The Wild West of Yester-Year

Ellen "Nellie" Cashman, Angel of the Mining Camps
By Rachel Kovaciny

 
This woman was in Tombstone at the same time as Wyatt Earp and Doc Holliday. She snow-shoed hundreds of miles one Canadian winter to help rescue isolated miners. She was still traveling by dogsled for weeks when she was nearly eighty. Who was this wonder woman of the west? Ellen “Nellie” Cashman, immigrant, entrepreneur, and legend. Honestly, if you wrote a fictional character who had done all those things, people would accuse you of making up tales too tall to believe! Yet, Nellie Cashman accomplished all that and more.

 
Nellie and her younger sister Fanny came to the United States from Ireland with their mother during the Irish Potato Famine around 1850, when Nellie was about five years old. They settled down near Boston and lived there for fifteen years. They then headed for San Francisco, taking a ship down the east coast of North America, crossing the Isthmus of Panama either on foot or by mule, and taking another ship up the west coast until they reached California. Nellie would have been about twenty, and her sister Fanny a bit younger. Fanny married Tom Cunningham, a successful Irish boot maker.
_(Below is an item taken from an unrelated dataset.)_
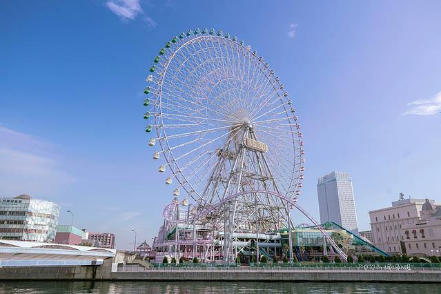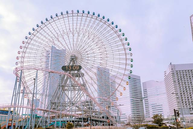 这座cosmo world摩天轮高达112.5米、直径100m、总载客量达480人,是未來港21地区地标性的存在,也是世界上最大的时钟式摩天轮,搭乘摩天轮,除了让我们感受 横滨 悠闲浪漫的气息外,更是能全方位的俯瞰 横滨 港的美景和整个太空世界,视角相当的震撼。

Fanny and Tom had five children together, but Nellie did not settle down. In 1872, Nellie and her mother opened a boarding house in a Nevada silver camp near Pioche. Although that was one of the roughest mining camps in the country, the Cashman ladies thrived. Their boarding house soon earned a reputation for good food, clean housekeeping, honesty, and a high standard of morality. Not things easy to find in a mining camp!

 
Nellie and her mother left Pioche a year later, just before the mines started to peter out. Nellie headed to British Columbia on her own, where she opened a boarding house, this time combining it with a saloon. She also dabbled in grubstaking miners. She was known as being kind and helpful to anyone in need. Nellie began to look for ways to help people with more than a hot meal and a clean bed, or maybe a little money to set them on their feet. She collected funds to help build a hospital in Victoria and raised about $500. While in Victoria to deliver the donations, she learned about a group of miners who had stayed at their camps for the winter, only to become cut off from all civilization or help by heavy snows. Nellie and five or six miners formed a rescue party and collected food and other supplies for the stranded men. 

 
The winter storms were so bad that year, the Canadian army considered it too dangerous to try to reach the mines, but Nellie and her companions persisted. They snow-shoed hundreds of miles, leading pack animals laden with food and emergency supplies, and successfully reached the miners. Reportedly, only twenty-six men had stayed at the mining camp over the winter, but when Nellie reached them after two months of difficult travel, she found over seventy men. She stayed and helped nurse the ill miners back to health, many of whom were suffering from severe scurvy. This episode in her life earned her the nickname “Angel of the Mining Camps.”

 
Perhaps Nellie Cashman had her fill of snow for a while after that adventure, for she moved to Tucson, Arizona, where she opened a restaurant. In 1880, she sold it and moved to Tombstone, following a silver strike. She was living there, running her latest restaurant, at the time of the Gunfight at the O.K. Corral in 1881. While in Tombstone, she again helped raise money to start a hospital and build a church. After Fanny’s husband Tom died, she and their five children moved to Arizona to live with Nellie. When Fanny died a few years later, Nellie cared for her nieces and nephews. She brought them with her as she moved around the west, following various gold and silver strikes.

 
In 1898, she moved to Alaska. By the time she arrived in Skagway, she was in her mid-fifties and an old hand at navigating mining towns. She started another restaurant and invested in some lucrative mines. She spent the next 25 years there, though she often spent winters elsewhere, visiting her now-grown nieces and nephews. At 78, she made a 350-mile trip by dogsled in December. It took her seventeen days. Newspapers all over Alaska carried the story.
Nellie continued her mining-town adventures until 1924, when her health failed. She died at s hospital she helped found in Victoria, British Columbia in 1925.

 
See what I mean? If I made all that up and put it in a book, you’d roll your eyes and mutter, “No way.” But it’s all true. Nellie Cashman, Angel of the Mining Camps, really existed, and lived a life more exciting than any adventure novel.